The last time I saw Sam he was at the Commission chamber and wanted me to move so that he could sit in my seat. I told him "no." Sit somewhere else. Different rules apply to Communists.

This attitude against the wealthy bothers me greatly. This is a capitalistic society. We are not Socialists or Communists who want to reward people the same for their ability or lack of as does Goodstein. Those who work hard reap the rewards of their labor and ingenuity. That's how it should be. It is fashionable among these people to sneer at the free enterprise system, the very system that has allowed us to be the greatest country on earth.

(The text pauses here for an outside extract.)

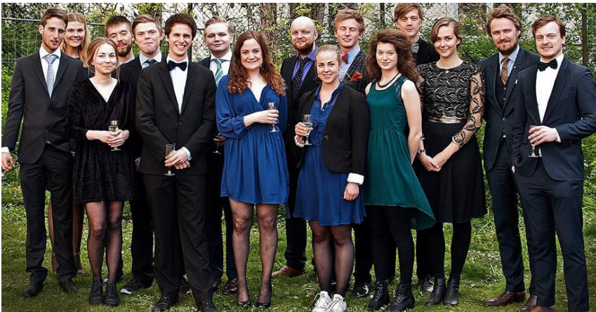
Sittningssällskapet på Gästrik- Hålsinge nation.

Vi i årsmötets delegation från FLiNS är mycket nöjda med hela arrangemanget och ser fram emot ett nytt verksamhetsår fullt av nya möjligheter! Saker som PolRiks tänkt göra kommande verksamhetsår inkluderar bland annat arrangerandet av Samhällsvetar-SM och en utlandsresa.

The top 10 percent of households in income are responsible for at least a quarter of all the money contributed to charity, and households with total wealth exceeding $1 million give about half of all charitable donations.

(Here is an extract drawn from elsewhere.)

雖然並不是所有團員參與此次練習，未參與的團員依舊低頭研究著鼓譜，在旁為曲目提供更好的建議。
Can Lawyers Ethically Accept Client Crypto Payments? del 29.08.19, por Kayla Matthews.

From Wiki Answers: Some quick statistics: The top 1% of earners pay 21.20% of all taxes paid at an average rate of 24%, the top 2 - 5% of earners pay 14.55% of all taxes at an average of 18% (Top 5% pay @36% of all tax) The bottom 50% pay 3% of all tax collected at an average rate of 2.98%.

The upper 50% of the wage earners pay @97% of all tax collections, and the lower ones only @3%. The upper of the upper pay a disproportionate share of that too, the Top 1% of earners = 37% of taxes paid, the next bracket 2-5% accounts for another 20%. So about 57% paid by the top 5%. Especially as this is for Personal Income Tax only, and many of the more wealthy have much of the income taxed (some would say double taxed) by in the Corporate returns of those corporations they control/own.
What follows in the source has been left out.